Efficient Algorithms for Graph Coloring on GPU

2018 
Graph coloring is an important problem in computer science and engineering with numerous applications. As the size of data increases today, graphs with millions of nodes are becoming commonplace. Parallel graph coloring algorithms on high throughput graphics processing units (G PU s) have recently been proposed to color such large graphs efficiently. We present two new graph coloring algorithms for GPUs which improve upon existing algorithms both in coloring speed and quality. The first algorithm, counting-based Iones-Plassmann (CJP), uses counters to implement the classic Jones-Plassmann parallel coloring heuristic in a work-efficient manner.

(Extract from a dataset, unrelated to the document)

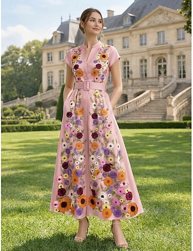 Linea ad A Lunghezza al pavimento Abito Floreale Abito da Sera Elegante Quotidiano Floreale Manica Corta Scollo a V Festa in giardino Matrimonio Tasca Organza Jacquard con Pieghe Spacco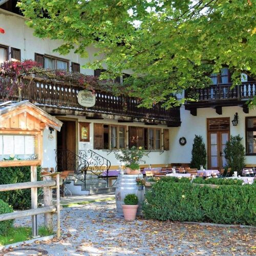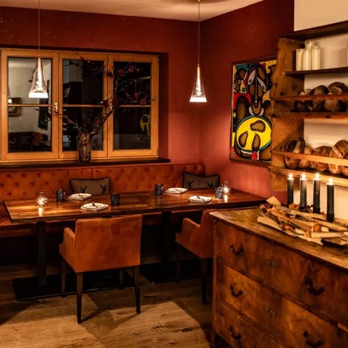 Chef Andreas Hillejan earns a Michelin star for his refined reinterpretation of Bavarian pub classics at this informal dining room in Mittenwald, beneath the Karwendel peaks. Two tasting menus—'Wirtshaus mal anders' (available vegetarian) and 'Heimat'—showcase his approach, while à la carte options like fish soup and Wiener schnitzel satisfy traditionalists. The painted facades of the violin-making town wait just steps away.

The second algorithm, conflict coloring (CC) achieves higher parallelism than CJP, and is based on optimistically coloring the graph using estimates of the chromatic number. We compared CC and CJP with two state-of-the-art GPU coloring algorithms, csrcolor [1] and Deveci et al's [2] vertex/edge-based algorithms (which we call VEB), as well as the sequential CPU algorithm ColPack [3]. In terms of coloring quality, CJP and CC are both far better than csrcolor, while CJP uses 10% fewer colors than VEB on average and CC uses 10% more. Compared to ColPack, CJP and CC use 1.3× and 1.5× more colors on nonbipartite graphs, resp. In terms of speed, CJP is on average 1.5–2× faster than the other algorithms, while CC is 2.7–4.3× faster.